Of all the kinds of demons we have heard of, the most loathsome are the vampires. Horst speaks of a vampire as a "dead body which continues to live in the grave, which it leaves, however, by night for the purpose of sucking the blood of the living, whereby it is nourished and preserved in good condition, instead of becoming decomposed like other dead bodies." Fischer, who believed there were vampires, informs us that the bite of a vampire left no mark upon the person, but that the bite speedily proved fatal, unless counteracted by the injured person eating some of the earth from the vampire's grave, and smearing himself with his blood. These precautions had only a temporary effect, if at all successful; for the bitten victim, sooner or later, became a vampire himself—died and was buried, but continued to follow the examples of old vampires in nourishing themselves, infecting others, and propagating vampirism.
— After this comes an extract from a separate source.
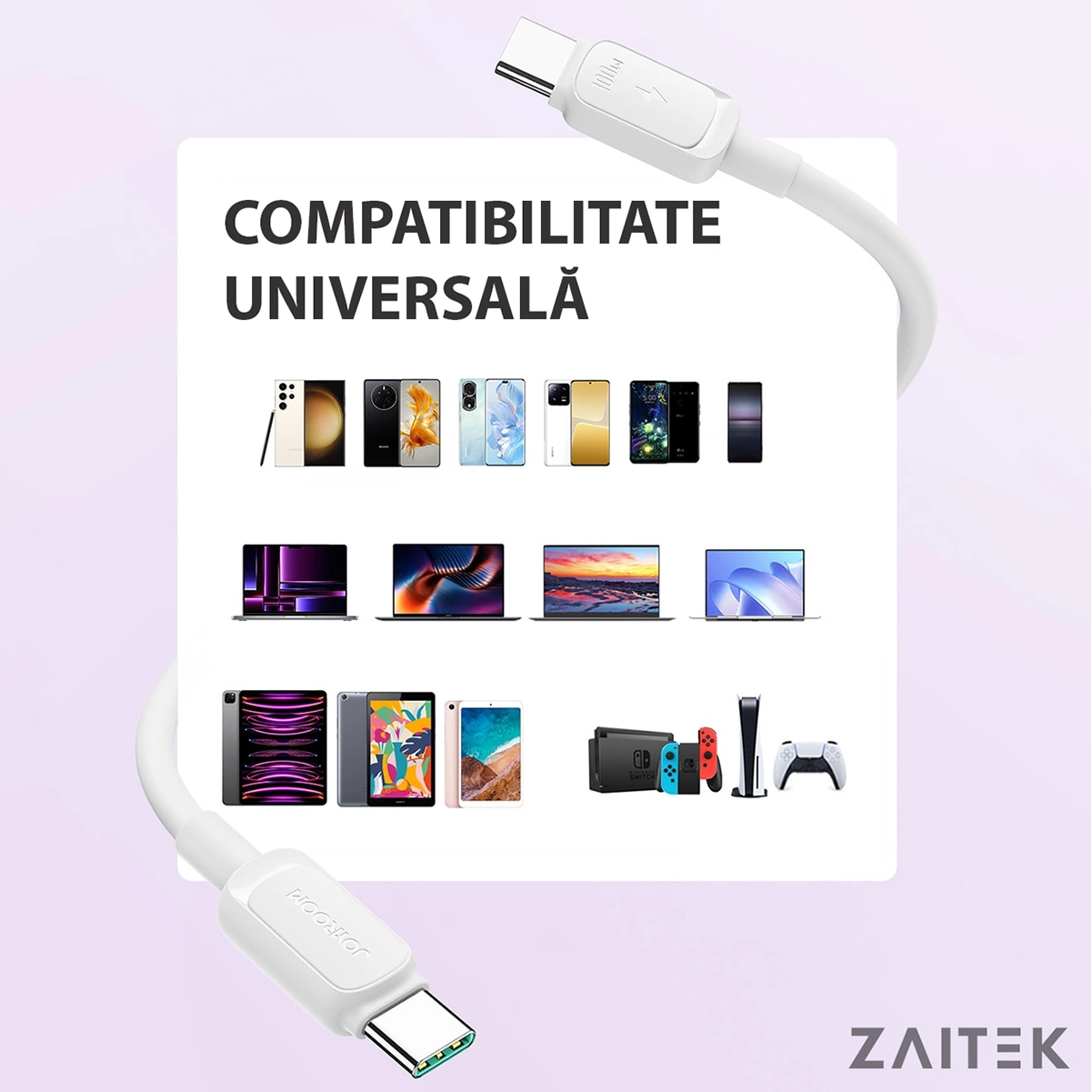 Az USB-C–USB-C kábel, 100 W-os PD 3.0 PRO, Android Auto / Apple Car Play, 1,2 m, fehér, Joyroom Plati, univerzális kompatibilitás a szupergyors töltéssel a legjobb megoldás eszközei hatékony és gyors táplálására. Ez a kiváló minőségű kábel univerzális kompatibilitást kínál, mivel az USB Type C portot használó eszközök széles körének töltésére készült.

Down to the middle of the last century there was a belief in vampirism in the east of Europe. This form of superstition created much anxiety in the public mind, none knowing when he might be bitten by one of those hated demons, and be thereby transformed into a vampire. Men of science bore testimony in favour of vampirism with seeming truthfulness and ability, worthy of a better subject.
In England every man was supposed to have his "double" or "fetch." The appearance of a fetch created great uneasiness in the mind of the person witnessing the apparition. It was taken as foreboding death or serious calamity to the being represented.